Assignment>
Copy, pictures aside: the lines below from the one that holds "Kubek o podwójnych" through the final line of the listing, both ends included, exactly as they are and nothing else.
========
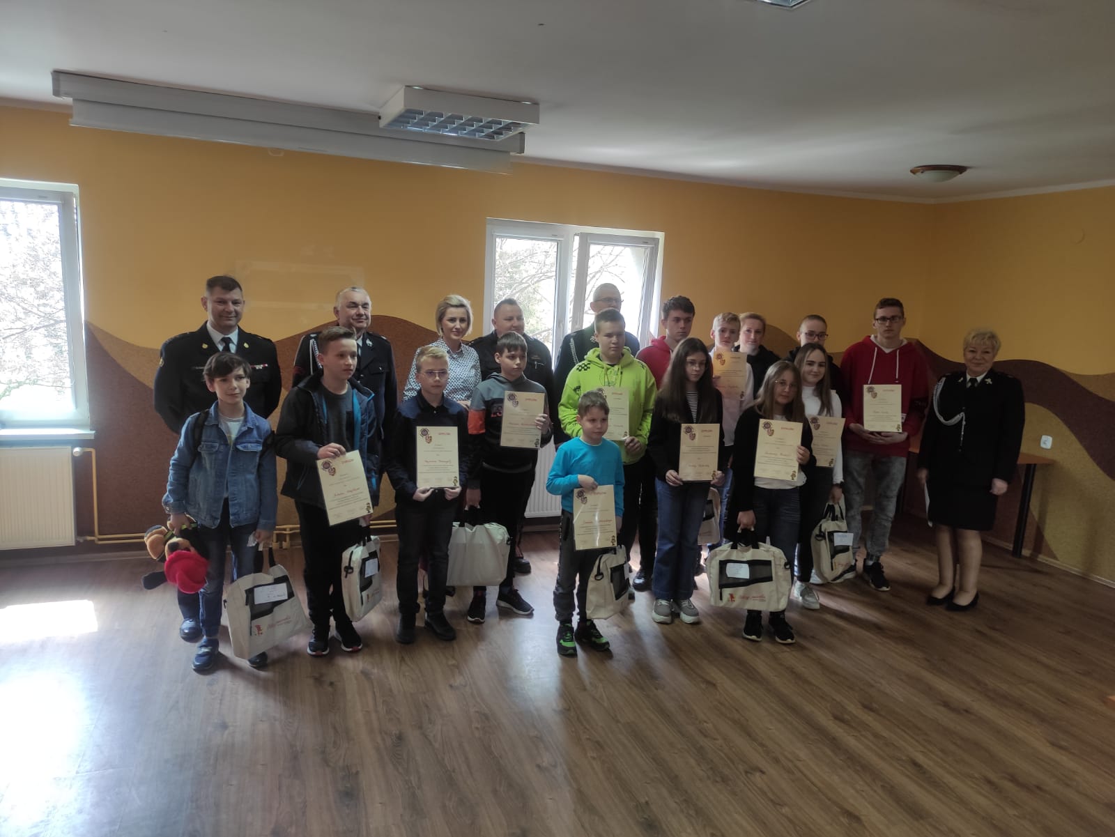 Wszyscy uczestnicy po zakończonym konkursie zostali obdarowani nagrodami ufundowanymi m.in. przez władze powiatu jaworskiego, Zarządy Oddziału Wojewódzkiego i Powiatowego ZOSP RP. Nagrody wspólnie ze Starostą Jaworskim Anetą Kucharzyk wręczyli Komendant Powiatowy PSP w Jaworze bryg. Waldemar Sarlej, Prezes Zarządu Oddziału Powiatowego ZOSP RP w Jaworze dh Jan Grygorcewicz oraz członek Prezydium Zarządu Oddziału Powiatowego ZOSP RP w Jaworze dh Andrzej Kołek.
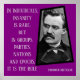Purple background with picture of the German philosopher, Friedrich Nietzsche.To the left is a quote of his regarding insanity. "In individuals, insanity is rare; but in groups, parties, nations and epochs, it is the rule"
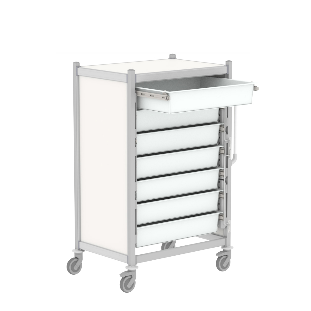 Der Funktionswagen für DaVinci-Instrumente gewährleisten einen sicheren Transport der hochsensiblen OP-Instrumente zwischen Operationssälen, Aufbereitungsräumen und Sterilisationseinheiten. Der Einsatz dieses spezialisierten Funktionswagens trägt massgeblich zur Einhaltung höchster Hygienestandards bei und sichert die Funktionsfähigkeit der teuren und präzisen DaVinci-OP-Systeme.
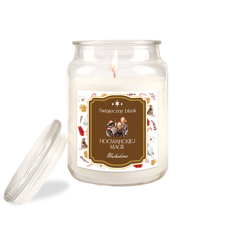 Świeca w eleganckim słoiku z pokrywką pali się długo i pięknie pachnie. Świecę zdobi personalizowana etykieta, na której znajduje się grafika przedstawiająca trzech czarodziejów w czapkach świątecznych, co w subtelny sposób łączy klimat Bożego Narodzenia z atmosferą Hogwartu. Napis „Świąteczny blask Hogwarckiej Magii” oraz personalizacja imieniem obdarowanego czynią ją idealnym prezentem świątecznym.
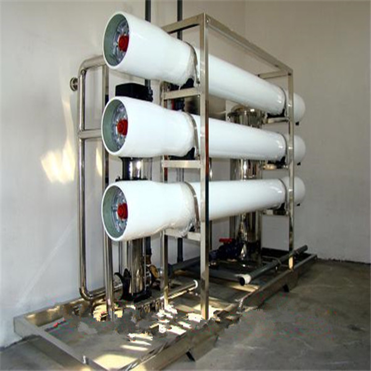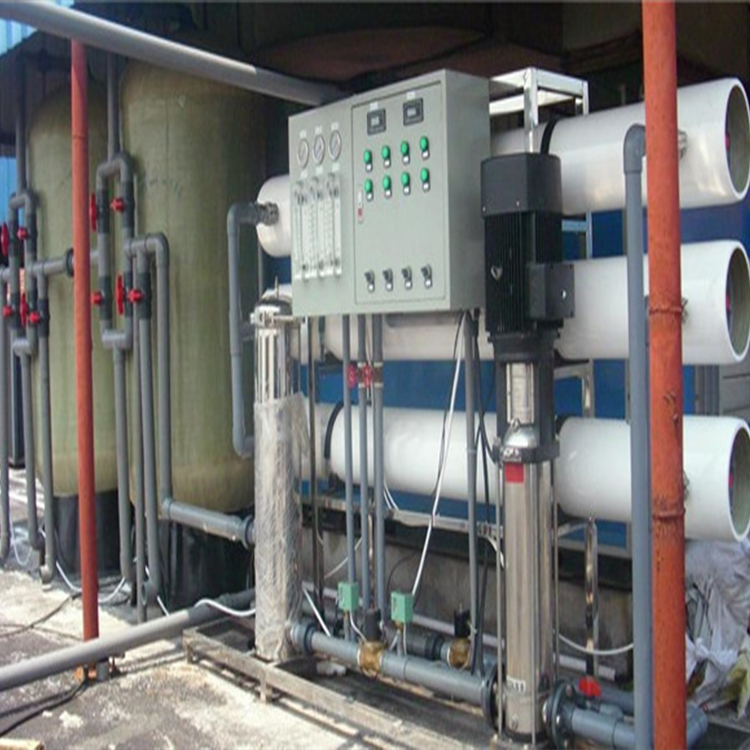 二、雙級反滲透設(shè)備的構(gòu)成雙級反滲透水處理系統(tǒng)一般包括預(yù)處理系統(tǒng)、反滲透裝置、后處理系統(tǒng)、清洗系統(tǒng)和電氣控制系統(tǒng)等。預(yù)處理系統(tǒng)一般包括原水泵、加藥裝置、石英砂過濾器、活性炭過濾器、精密過濾器等。其主要作用是降低原水的污染指數(shù)和余氯等其他雜質(zhì),達到反滲透的進水要求。
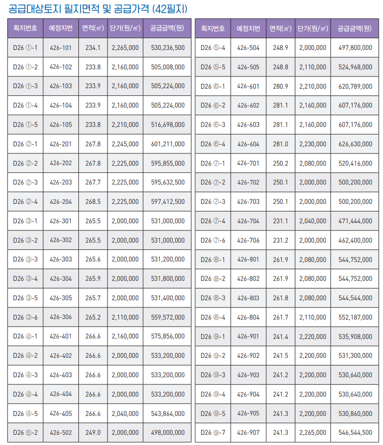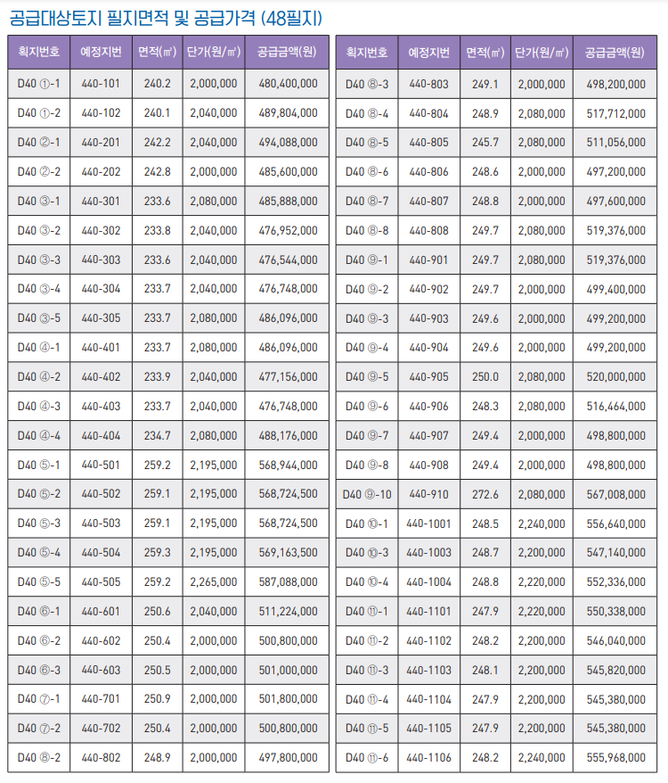 단독주택 용지 공급가격을 보면
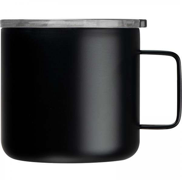Kubek o podwójnych ściankach (izolacja próżniowa) ze stali nierdzewnej, z plastikową pokrywką. Pojemność 300ml.
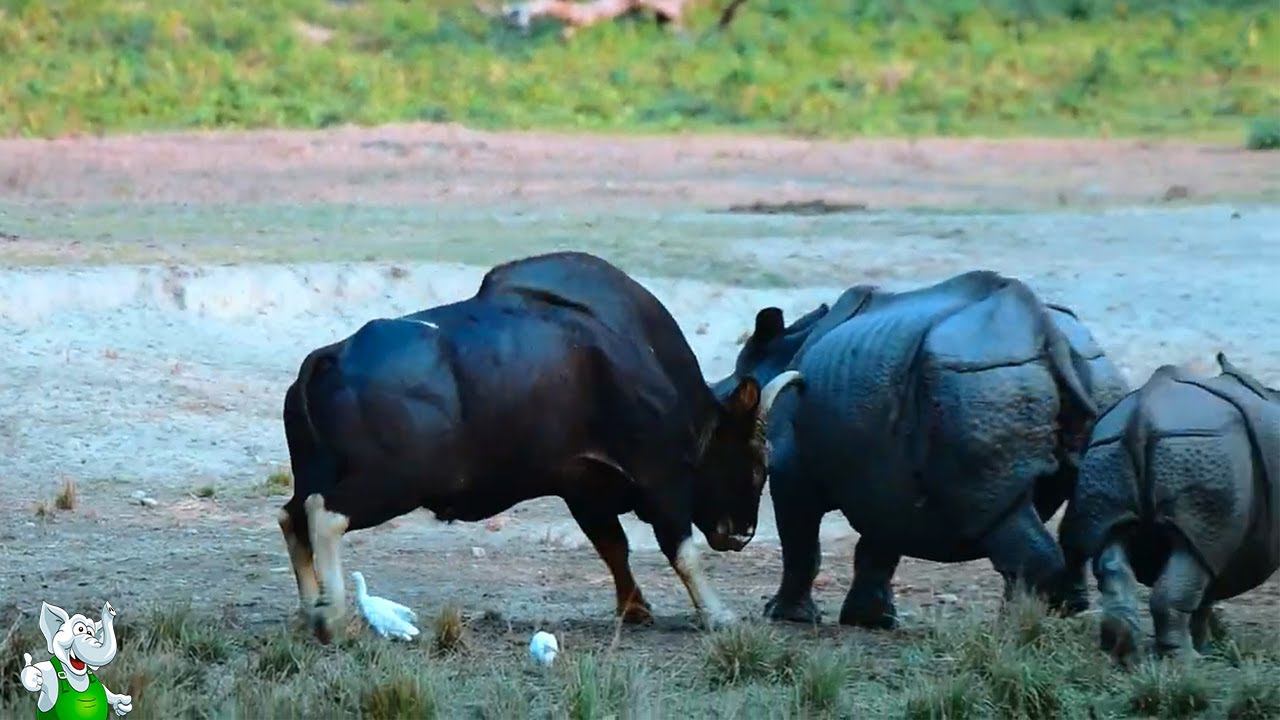 Носороги Не Ожидали Нападения Быка / Случаи с Животными Снятые На Камеру
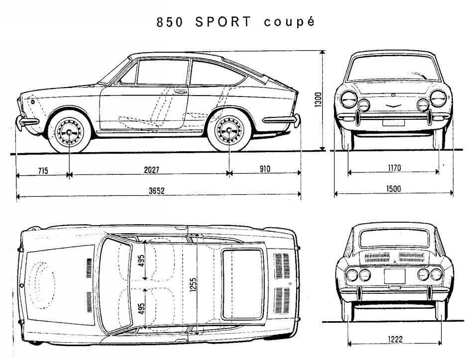 Gran parte de la estructura general era exactamente igual, algo patente si nos fijamos en las ventanillas y en la línea del techo. El encargado del diseño del 850 fue Dante Giacosa (entonces jefe de proyectos de FIAT y diseñador del 600), destacando un frontal cuadrangular más alto, farosde mayor tamaño, un parabrisas más amplio, y una línea más aerodinámica gracias al rediseño de la parte posterior, que lo perfilaba hacia un vehículo de dos volúmenes.
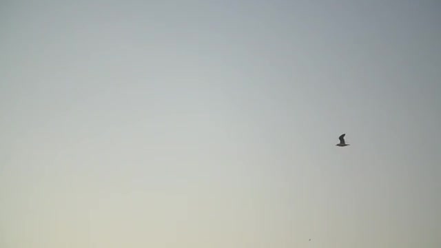 A seagull in flight on a warm evening
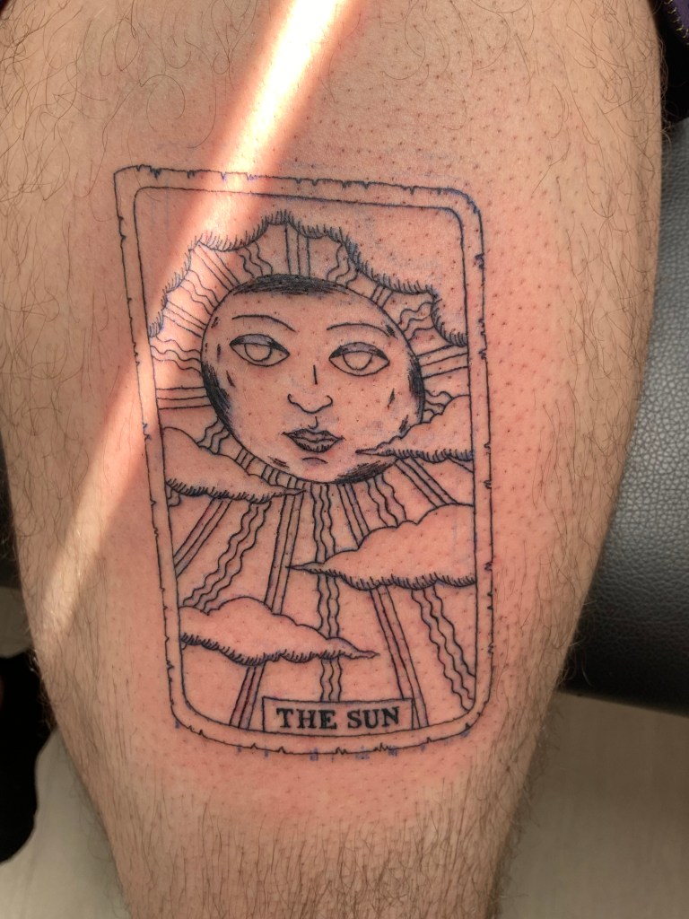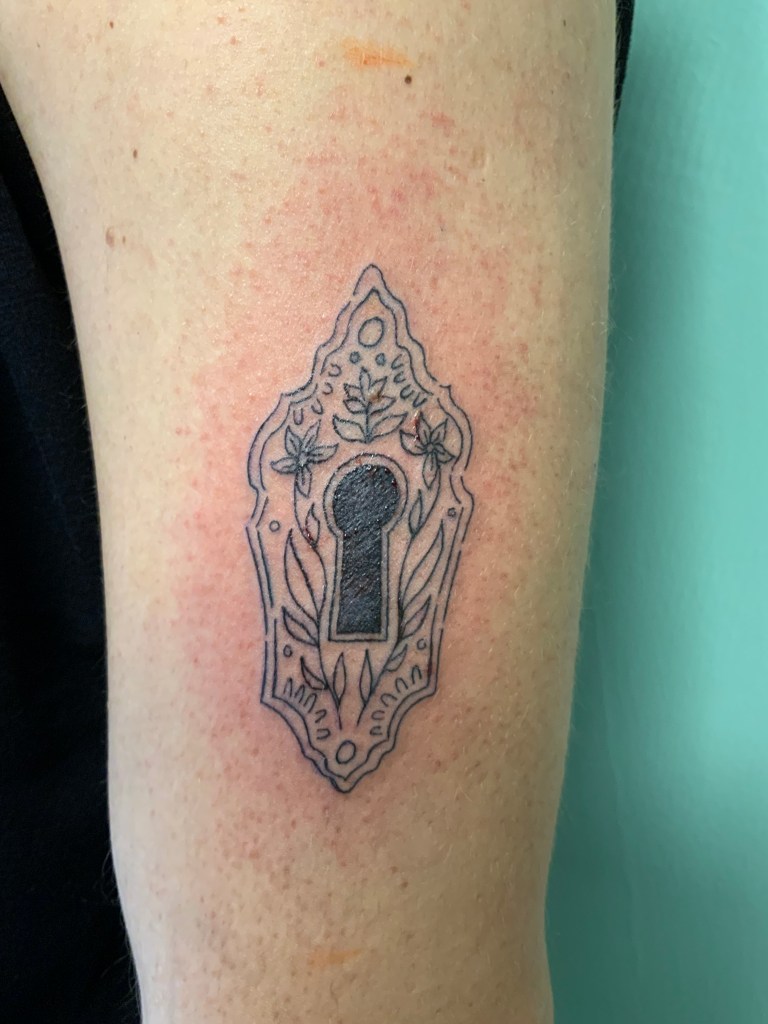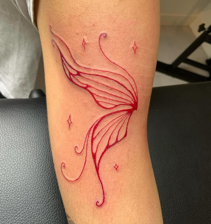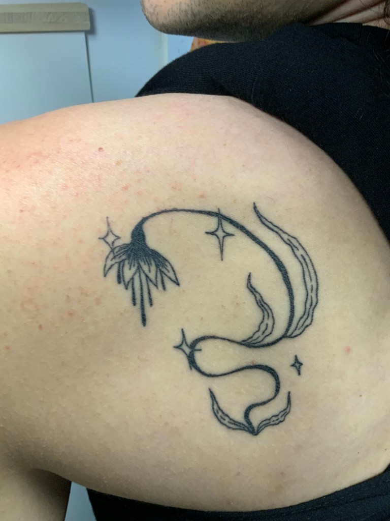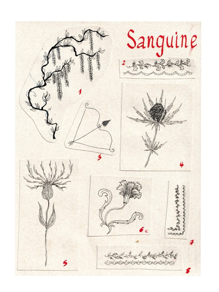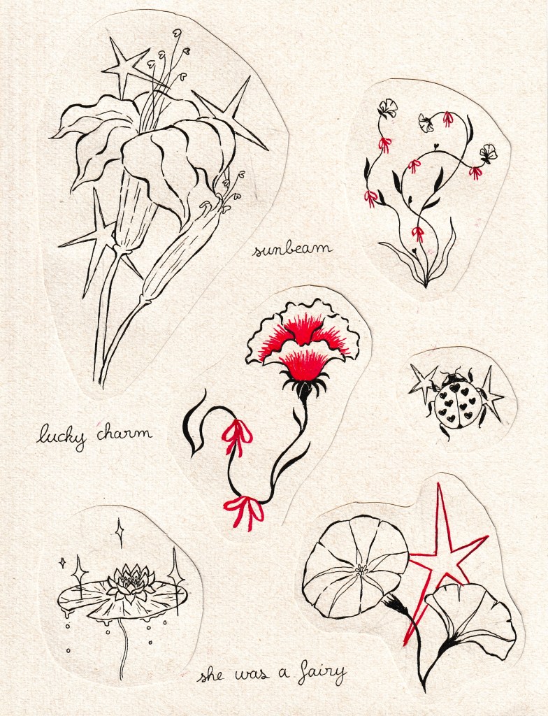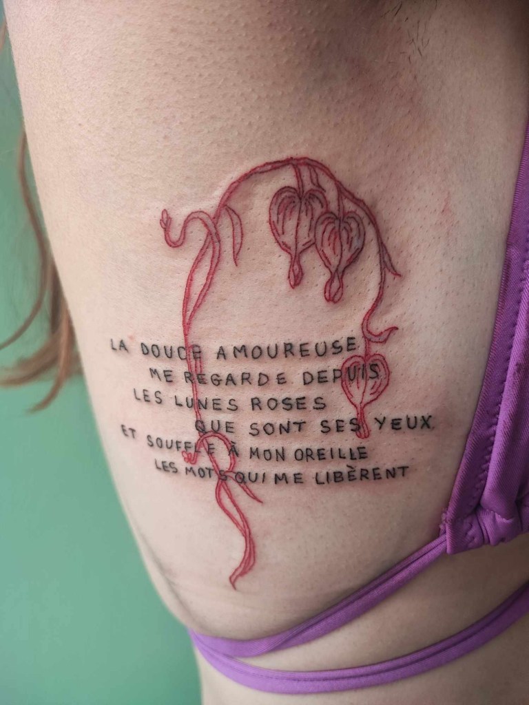 Je propose du tatouage en fine line, presque comme un dessin au crayon, des mots doux ou féministes, des peauèmes, en noir ou en rouge. J’aime surtout proposer des flashs, en fonction de mes inspirations, toujours dans un style fait main, doux et ornemental.
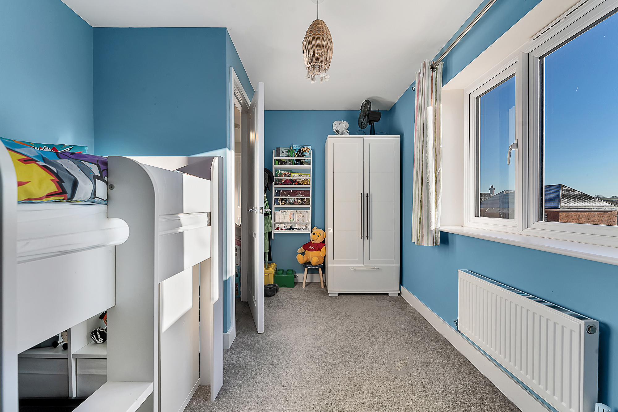 Bedroom One enjoys fitted wardrobes and an abundance of natural light thanks to a full height, front facing window. It also benefits from its own en suite, complete with a walk in shower cubicle, low level WC and pedestal wash basin.
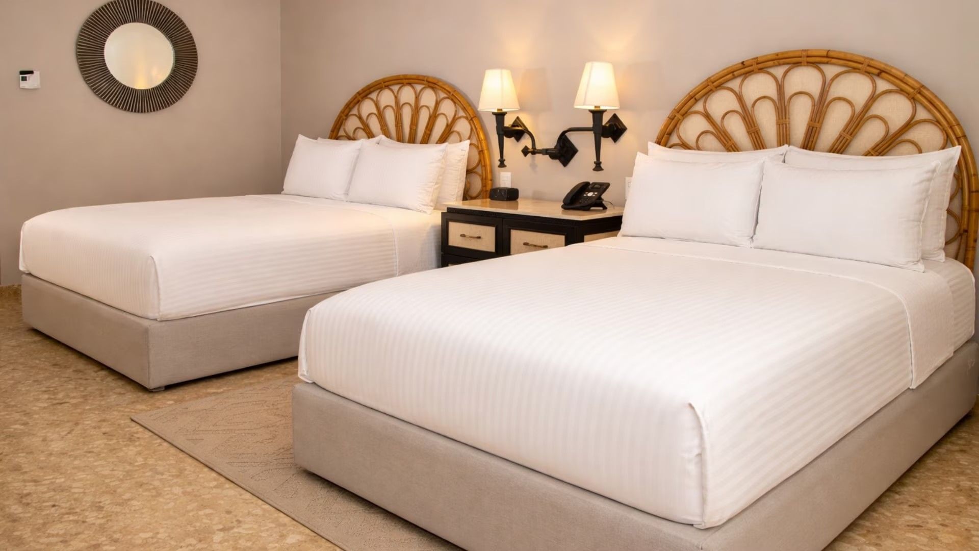Situadas en las dos primeras plantas de Platinum, estas habitaciones ofrecen las mejores vistas del campo de golf. Su diseño exclusivo presenta un ambiente mexicano contemporáneo con acentos de lujo. 485 pies cuadrados, balcón privado y dos camas dobles.
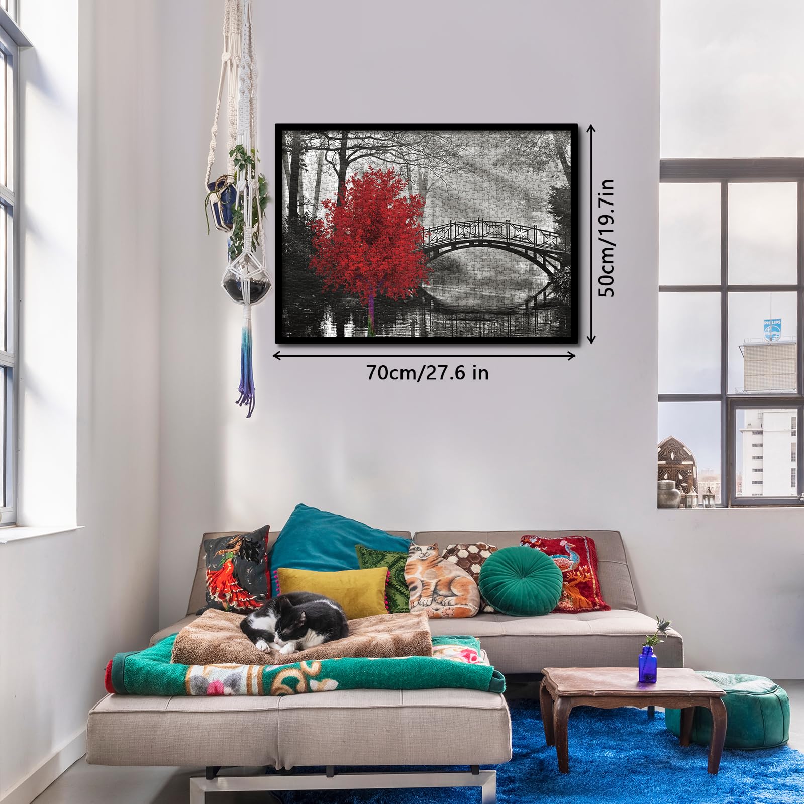 Scarlet Solitude Classic Puzzles For Adults 1000 Pieces, Black And White Bridge And Red Tree Jigsaw Puzzles, Wall Art Puzzles For Adults
========
Output>
Kubek o podwójnych ściankach (izolacja próżniowa) ze stali nierdzewnej, z plastikową pokrywką. Pojemność 300ml.
 Носороги Не Ожидали Нападения Быка / Случаи с Животными Снятые На Камеру
 Gran parte de la estructura general era exactamente igual, algo patente si nos fijamos en las ventanillas y en la línea del techo. El encargado del diseño del 850 fue Dante Giacosa (entonces jefe de proyectos de FIAT y diseñador del 600), destacando un frontal cuadrangular más alto, farosde mayor tamaño, un parabrisas más amplio, y una línea más aerodinámica gracias al rediseño de la parte posterior, que lo perfilaba hacia un vehículo de dos volúmenes.
 A seagull in flight on a warm evening
 Je propose du tatouage en fine line, presque comme un dessin au crayon, des mots doux ou féministes, des peauèmes, en noir ou en rouge. J’aime surtout proposer des flashs, en fonction de mes inspirations, toujours dans un style fait main, doux et ornemental.
 Bedroom One enjoys fitted wardrobes and an abundance of natural light thanks to a full height, front facing window. It also benefits from its own en suite, complete with a walk in shower cubicle, low level WC and pedestal wash basin.
Situadas en las dos primeras plantas de Platinum, estas habitaciones ofrecen las mejores vistas del campo de golf. Su diseño exclusivo presenta un ambiente mexicano contemporáneo con acentos de lujo. 485 pies cuadrados, balcón privado y dos camas dobles.
 Scarlet Solitude Classic Puzzles For Adults 1000 Pieces, Black And White Bridge And Red Tree Jigsaw Puzzles, Wall Art Puzzles For Adults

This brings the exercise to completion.